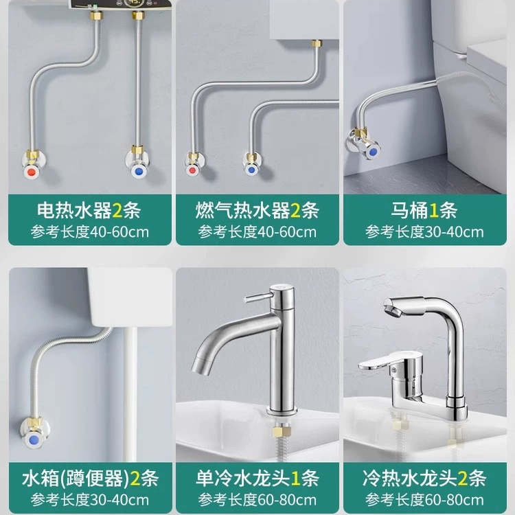 4分304不锈钢波纹管连接热水器马桶高压防爆冷热进出水管软管家用
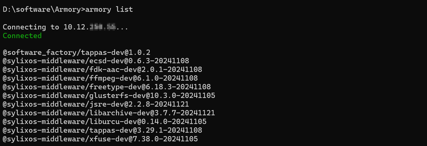 armory list [-r <alias>]其中 alias 为远程计算机的别名,用于指定要查看安装包列表的目标计算机地址。如果不指定,则默认使用激活状态为“active”的远程地址,可通过
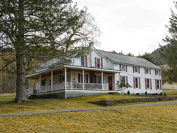 Magnificent Farm, Incredible Views, Meticulously Maintained. Home has 5 Bed, 2 full baths,original wide plank gorgeous floors,wood stove in dinning/sitting area. Unique kitchen with HUGE pantry room, wrap around porch,deck off master bed+ so much more.Barns are in great shape and ready for your animals. Fencing totally in tact. Storage sheds,pool in yard and the list goes on. Here's the picture perfect farm on an amazing 50+ acres. A MUST SEE!!
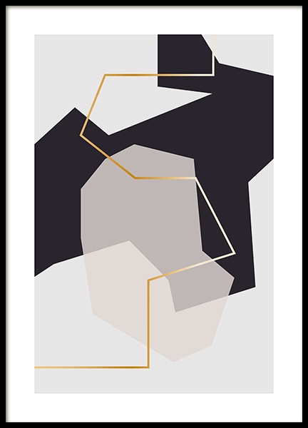 Handpicked design Ilustración de diseño gráfico con figuras abstractas en gris, beis y negro con un marco dorado (no es pan de oro) y delgado en forma de rectángulo en medio de la imagen. Este motivo lucirá de lo mejor solo o acompañado en una pared de cuadros grande. Puedes combinarlo con Abstract Fragments No2 si deseas colgar una pareja de cuadros haciendo juego.
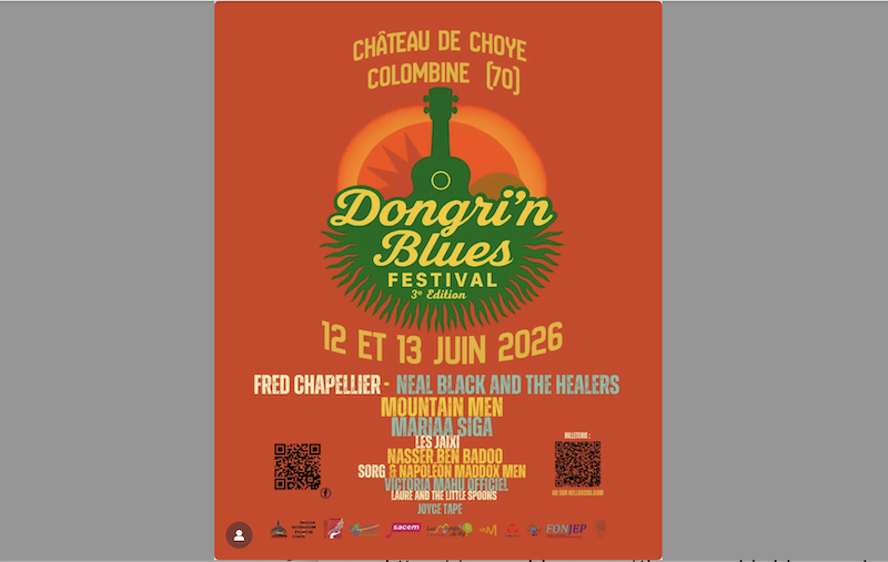 La troisième édition du Dongri’n Blues Festival se déroulera les 12 et 13 juin 2026 à Choye dans la Haute-Saône, au nord-ouest de Besançon. Il importe de s’arrêter sur cet événement plutôt atypique dans notre paysage, avec des groupes et artistes rares sur nos scènes. On doit l’initiative à l’association Benkadi Joie-Production, qui, pour reprendre les termes de son profil Facebook, « a pour objectif de favoriser l’échange de culture entre l’Afrique et l’Europe à travers des projets socio-culturels ». Tout est parti de la collaboration en 2012 entre la chanteuse-bassiste ivoirienne Joyce Tape et le chanteur-guitariste malien Boubacar Traoré, qui lancent le projet Dongri-Niman (dont le nom du festival est dérivé). En 2015, Tape sort « Niman, la musique va plus loin que les mots », un album auquel participe Traoré. Depuis, le festival se partage entre l’Afrique et la France, et sa programmation très intéressante s’inscrit dans ce souci d’échanges de musiques plurielles entre les deux continents.

(What this task involves) Taking the entries above, extract every line from the one bearing "Magnificent Farm, Incredible" through the one bearing "Handpicked design Ilustración", exactly, with no pictures.

(Task output)
 Magnificent Farm, Incredible Views, Meticulously Maintained. Home has 5 Bed, 2 full baths,original wide plank gorgeous floors,wood stove in dinning/sitting area. Unique kitchen with HUGE pantry room, wrap around porch,deck off master bed+ so much more.Barns are in great shape and ready for your animals. Fencing totally in tact. Storage sheds,pool in yard and the list goes on. Here's the picture perfect farm on an amazing 50+ acres. A MUST SEE!!
 Handpicked design Ilustración de diseño gráfico con figuras abstractas en gris, beis y negro con un marco dorado (no es pan de oro) y delgado en forma de rectángulo en medio de la imagen. Este motivo lucirá de lo mejor solo o acompañado en una pared de cuadros grande. Puedes combinarlo con Abstract Fragments No2 si deseas colgar una pareja de cuadros haciendo juego.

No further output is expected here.